I did a notebook to recreate all these chain rule shenanigans in numpy based a lot on Andrej Karpathy’s cs231n and Kolah’s blog. For those who might be interested: https://github.com/cstorm125/sophia


(ecdrid) #113

(Pierre Dueck) #114

The chain rule for real-number functions is well known (f(g(x)))’ = f’(g(x))g’(x). To generalize that to vector-valued functions it’s more natural to think about how differentiation represents the best local linear approximation. So differentiating a composition of functions should translate to a composition of linear functions - and that’s represented by a product of matrices.


(Pramod) #115

Some great post-lecture reading by Ruder : http://ruder.io/optimizing-gradient-descent/


(Pavel Surmenok) #116

AdamW - is it this code? https://github.com/pytorch/pytorch/pull/3740/commits/ffddcc4ee2c35c00e54421bb0d1b145264288b24


(Ezequiel) #117

I was surprised when I learned that Jeremy’s approach to derivation as dividing things can in fact be formalized mathematically in Non-Standard Calculus. So @jeremy thinking in that way is correct in some way =)


(john v) #118

Here is the github issue, which has a link to the archivx paper:


(Pavel Surmenok) #119

Numerical computation of derivatives can be useful to verify that analytical computation works as expected, in case you don’t use autodifferentiation capabilities that PyTorch or TensorFlow provide and implement derivative calculation yourself. An easy way to test differentiation code.


(Kalpana Vora) #120

Will using options such as momentum and adam result in better accuracy? Or, is this more to speed up the training process?


(Pete Condon) #121

It’s mostly for speeding up the training - but I suppose it depends on how complex your model is and how long you’re willing to keep training it.


(Charin) #122

I guess the faster you train, the more likely you would be able to find a better minimum also?


(Pete Condon) #123

This is the ADAMW paper: https://arxiv.org/pdf/1711.05101.pdf


(Yihui Ray Ren) #124

Hi @jeremy,

I have a question on the F.dropout() in lesson5-movielens class EmbeddingNet.

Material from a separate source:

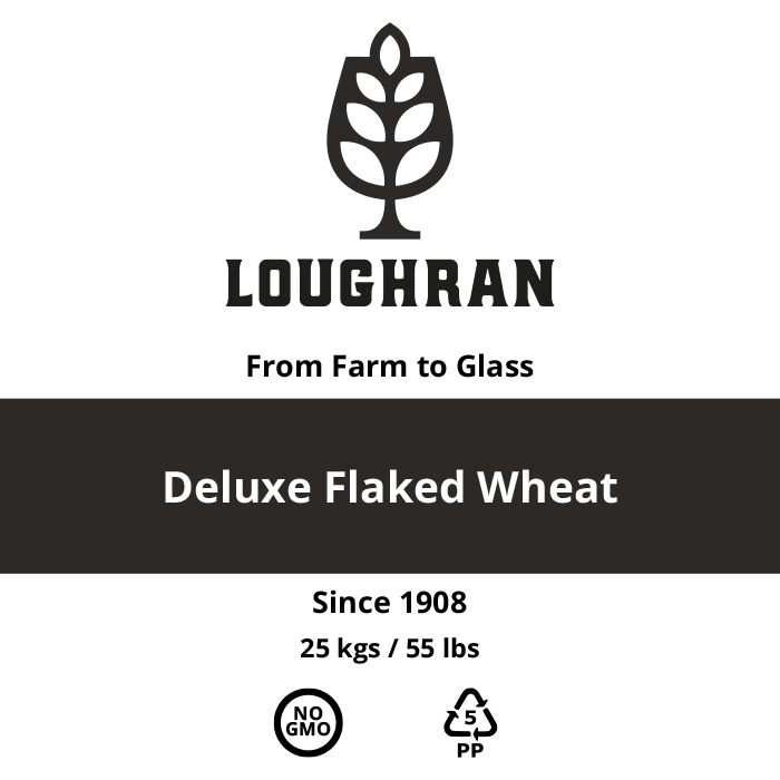 Loughran Deluxe Flaked Wheathas been specially selected by the Loughran team. Drawing on seven generations of family barley growing wisdom from our origins on our farm in Dundalk, Ireland, and our experience and expertise in UK malting and brewing from Brewers Select in Peterborough, we choose only the best farmers to work with. These lasting partnerships form the backbone of everything we do, and allow us to deliver brewers and distillers the finest malts and adjuncts., in the process connecting them to the heart of their ingredients in the journey from farm to glass.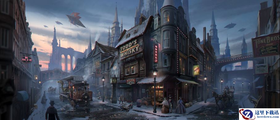 浮空岛屿通过巨大的螺旋桨装置悬浮于万丈高空。在这旧日的工业之地,蒸汽航线的始发之站、初代机甲的诞生之源,你能看到贵族与平民,繁华与荒芜,华灯敞亮与阴沟晦暗。从富丽堂皇的熙攘都市、安稳祥和的便利生活区,到“淘金浪潮”褪去后被人逐渐遗忘的废弃矿厂……九大分区,特点各异,随处可见的“蒸汽朋克”元素,到处都是满满的细节。

Since the dropout() behaves differently in “training” and “testing”. Is it better to pass self.training into the F.dropout()?
So, instead of x = F.dropout(F.relu(self.lin1(x)), 0.75), maybe x = F.dropout(F.relu(self.lin1(x)), 0.75, self.training)?

Another question is when nn.Dropout is used, instead of nn.functional.dropout(), is it better to override the eval() function by including all nested “models” (like Dropout)'s eval()?
The implementation of eval() is not recursive, and nn.Dropout.forward() uses self.training instead of passing a boolean.

Is there any advantage of using F.dropout (in forward()) rather than defining a layer self.dropout = nn.Dropout(X) in initialization?
It seems using F.dropout is faster (might not be true), but using the nn.Dropout makes the neural net architecture easier to read.

Thanks.